Così come ha beneficiato, incredibilmente, di ciò che è accaduto nel giorno successivo alla sconfitta elettorale giallorossa in Molise. Martedì è arrivata infatti la conferma della condanna in appello a 18 mesi per Appendino per i fatti di piazza San Carlo a Torino. L’ex sindaca, condannata già in primo grado per disastro, omicidio e lesioni colpose legati a «scelte frettolose» che Appendino e i suoi collaboratori avrebbero fatto «senza considerare le criticità e disinteressandosi degli aspetti organizzativi», ha promesso immediatamente ricorso in Cassazione. La deputata si è detta «sicura di poter far valere le mie tesi difensive nel prossimo grado di giudizio. Come sapete, mi sono sempre difesa dalle accuse all’interno dei processi, senza timore e a testa alta e continuerò a farlo».

Appena la settimana scorsa Appendino aveva pubblicato un’immagine sorridente con le dita a V in segno di vittoria per celebrare il fatto che la Cassazione avesse respinto il ricorso del procuratore generale di Torino per riaprire l’altro processo, quello che riguarda la Ream, che la vedeva coinvolta. Sembrava potesse essere l’inizio di qualcosa di più ambizioso. Ma adesso i piani dell’ex sindaca e di chi vedeva in lei il nuovo volto del Movimento si scontrano con la decisione dei giudici.

Ufficialmente i grillini si sono mossi immediatamente in difesa di Appendino: l’ordine di scuderia è stato quello di lanciare post di solidarietà su tutti i profili personali dei parlamentari.

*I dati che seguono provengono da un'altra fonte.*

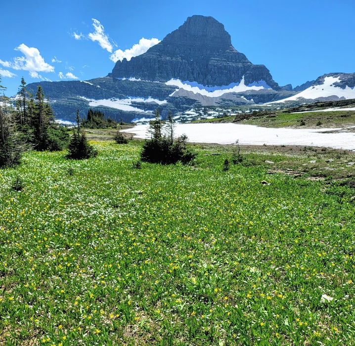 Another Glacier Lily and Western SpringBeauty flower field with Reynolds Mountain behind. Reynolds Mountain was named for a member of the "Forest and Stream" staff by George Bird Grinnell who was one of the pioneers influential in the establishment of Glacier National Park.
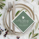 Personalise this simple napkin with the name and of dates of your loved one. Design features stylish black script "Celebrating the life of", white dove with custom text on a stylish sage green background. Perfect for your funeral memorial reception. Easy to customise. Our heartfelt condolence during this difficult time.

La parola chiave della strategia è “orgoglio”, un termine che ricorre nei post: il ragionamento, spiegano, è quello di insistere sul fatto che l’ex sindaca è accusata di un reato colposo, mentre chi ha dovuto fare i conti con il dolo è già stato condannato al carcere.

Ma al di là della solidarietà ostentata, è chiaro a tutti che la notizia è una pietra tombale su qualsiasi possibilità di conquistare la guida del Movimento. Non basterebbe neanche la svolta garantista a tutelare il destino di Appendino, già più volte tirata in ballo per ruoli parlamentari di peso e incarichi particolari, sfumati poi uno a uno.

Ora l’ex sindaca è ancora più sola. Lanciata da Luigi Di Maio con il piano di farla diventare il suo alter ego per gli affari interni mentre lui stesso tesseva rapporti alla Farnesina, oggi Appendino ha perso anche i rapporti con l’ex capo politico scissionista. E anche l’altro suo ruolo interno, quello di una sorta di anti Raggi – con un profilo più tecnico, esperto, istituzionale di quello dell’ex sindaca di Roma – in un potenziale ticket tutto al femminile, si sta dissolvendo.

Resta così in campo, come eventuale sostituta di Conte, soltanto la consigliera capitolina Virginia Raggi, che godeva e continua a godere della benedizione del fondatore Grillo. Di cui però, ormai, in pochi in parlamento riconoscono l’autorità. Difficile che Conte debba preoccuparsi.